Polyamory for Dummies () is a 2021 Spanish-French romantic comedy film directed by Fernando Colomo which stars Karra Elejalde, María Pedraza, Quim Àvila and Toni Acosta.

Plot 
The plot follows Manu, a YouTuber vowing to defend romantic love who falls romantically for Amanda, a woman committed to several polyamorous intimate relationships.

Cast

Production 
The screenplay was penned by Fernando Colomo, Casandra Macías-Gago and Marina Maesso. A joint Spanish-French coproduction by Morena Films alongside Acuerdo de Fluidos AIE and Ran Entertainment, it had the participation of Amazon Prime Video, RTVE and Telemadrid, funding from ICAA and support from the Madrid regional administration.

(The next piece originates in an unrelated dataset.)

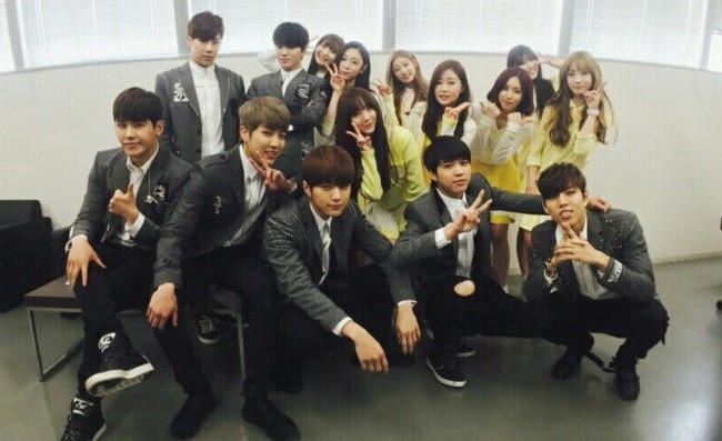 러블리즈와 인피니트는 사진 속에서 상큼한 미소와 귀여운 포즈를 취하고있다. 같은 소속사에 속한 두 그룹의 훈훈한 모습이 돋보인다.

It was shot in 2020 in locations of Madrid and Extremadura (including Navalmoral de la Mata and the resort-island of Valdecañas).

Release 
The film screened at the 5th BCN Film Fest on 20 April 2021. Distributed by Vértice Cine, it was theatrically released in Spain on 21 May 2021.

Reception 
Raquel Hernández Luján of HobbyConsolas gave the film 55 out of 100 points, considering the film to be "irregular", even if it featured a couple of hilarious sketches, also assessing that "despite trying to be very open-minded, the film has the classic structure of romantic comedies and feels dated".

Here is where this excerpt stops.